Two years ago, California voters overwhelmingly approved Proposition 64, which legalized adult cannabis use. Fast forward two years later, and the illicit market is “getting worse, not better.”
The legal cannabis market has yet to achieve its desired impact for a number of reasons. More than three-quarters of California’s city and county governments still ban the sale of cannabis within their jurisdictions. Another is based on simple economics that falls on the entire state of California: taxes are too high on the legal cannabis industry and it is stunting the growth of the legal market.
With current tax rates, businesses and consumers are incentivised to turn to the illicit market and medical patients overpay for medicine they need, all while the state is receiving far less revenue than it projected.
Taxes are designed and implemented to discourage buying and spending. The theory goes that the higher the tax on an item, the less likely you are to purchase that item. Taxes that are too high discourage growth, stunt hiring and reduce profit. Economic theory still holds true for the cannabis industry.
The United States has some of the lowest tax rates in the developed world. Businesses — from oil conglomerates to telecom giants — all reap the benefits of low taxes. Right now, the statutory corporate tax rate is 21%. After applying loopholes and tax breaks, there remain American companies raking in billions while paying essentially zero dollars in taxes. It’s not a value judgment, it’s just the structure of our tax code.

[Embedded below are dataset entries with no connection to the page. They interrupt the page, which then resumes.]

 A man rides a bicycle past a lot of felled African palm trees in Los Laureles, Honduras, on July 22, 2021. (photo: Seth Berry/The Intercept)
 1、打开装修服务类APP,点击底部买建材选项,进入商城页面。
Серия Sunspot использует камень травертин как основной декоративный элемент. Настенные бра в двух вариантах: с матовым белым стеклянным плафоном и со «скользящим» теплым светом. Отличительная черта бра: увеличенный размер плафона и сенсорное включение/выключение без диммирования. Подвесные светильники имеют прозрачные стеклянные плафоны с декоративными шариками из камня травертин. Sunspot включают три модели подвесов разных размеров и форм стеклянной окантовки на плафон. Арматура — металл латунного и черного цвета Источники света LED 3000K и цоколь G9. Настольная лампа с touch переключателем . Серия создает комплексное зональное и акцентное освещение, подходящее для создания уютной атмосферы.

In the legal cannabis industry, our tax code is inverted. Retailers and brands, and in turn consumers, are getting taxed at rates that would make Sweden blush. Californians are paying up to 45% tax rates on cannabis purchases — nearly 40% higher than the standard 6% state sales tax.
How do we know high taxes impede entry into the market? Well, for one, California’s legal cannabis market is stagnant. The New York Times reported that California’s legal cannabis sales totaled $2.5 billion in 2018, about $500 million less than in 2017. Despite the state’s desire to expand the legal market, entrepreneurs and consumers aren’t adopting as fast as expected.

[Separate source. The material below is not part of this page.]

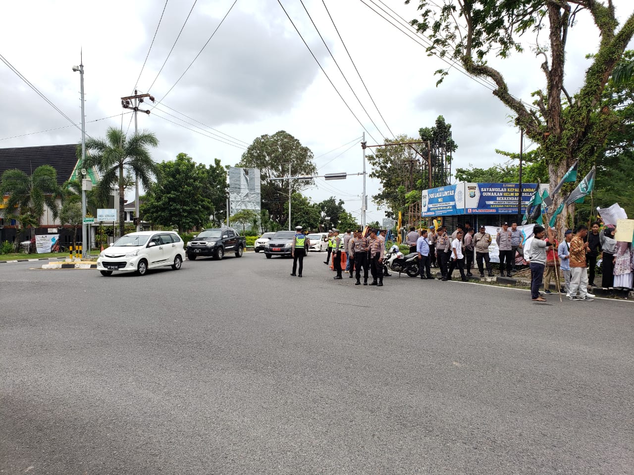 Polresta Tanjungpinang melaksanakan pengamanan aksi unjuk rasa HMI cabang Tanjungpinang-Bintan di Lapangan Pamedan, Jalan Ahmad Yani, Kota Tanjungpinang, Senin (13/3/2023).

Not only is the market stagnant, it’s more profitable to buy and sell illegally. California’s illicit cannabis market is estimated to be twice the size of the legal one, nearly doubling California’s legal market in sales a year ago. Current tax rates and fees hamper legal businesses’ ability to compete.
High taxes also affect the thousands of people who depend on medical cannabis to alleviate chronic pain, mitigate seizures and more. Not only is it expensive to run a compliant medical cannabis company — costs for patients skyrocket as businesses attempt to keep up.
California cannabis policy has yet to meet the promise that once made it so popular: increased tax revenue for the government. Cannabis tax revenue can help thousands of Californians access affordable health care, take advantage of public transportation infrastructure and secure green jobs. Estimates show that cannabis taxes have the potential to generate $8 billion to $20 billion in annual revenue for California. Last November, California’s Legislative Analyst’s Office released a report showing — over six months — retail excise tax revenue and cultivation tax revenue totaled $77 million and $7 million, respectively. This collected tax revenue was $101 million below projections.
Despite the tax burden placed on the legal cannabis industry, we’re seeing bipartisan momentum across cities to incentivise legal entrepreneurship and consumption. Progressive cities like Oakland, San Francisco and Los Angeles understand that exorbitant taxes position the biggest corporate cannabis companies to thrive, while small businesses get squeezed out of the market.
To prevent this, these cities launched cannabis equity programs to help people who were impacted by the failed “War on Drugs” to get a leg up in the growing industry. To protect against unsustainable tax rates and empower equity grantees, the Oakland City Council recently voted to lower the business tax for recreational cannabis enterprises that make less than $500,000 per year, from 10% down to 0.12%. Progressive cities like Oakland realize lower taxes for the time being can actually help the legal market grow and thrive.
The State Assembly has also explored effective solutions. Assembly Bill 286, authored by Assemblyman Rob Bonta and State Treasurer Fiona Ma, proposed a temporary reduction to California’s cannabis excise tax from 15% to 11% and suspension of the cultivation tax altogether through 2022.
Ultimately, the cannabis industry is hamstrung by high taxes but debilitated by a lack of equity. Policymakers must view our industry with an equity lens — equity for entrepreneurs, customers and patients.
Our industry understands we must pay our fair share of taxes, but right now we don’t have that luxury. To gain that equity, call or write to your state representative today to resurface and pass the Bonta Bill (AB286), suspend the cultivation tax and lower the cannabis excise tax until the legal market overtakes the illicit market.
Let’s channel the political will to make the legal cannabis industry look more like the fastest-growing legal industry in the world and less like California’s reality.
Keith McCarty is former CEO/founder of Eaze and CEO/founder of WAYV, a B2B cannabis logistics and compliance platform that delivers inventory to cannabis retailers.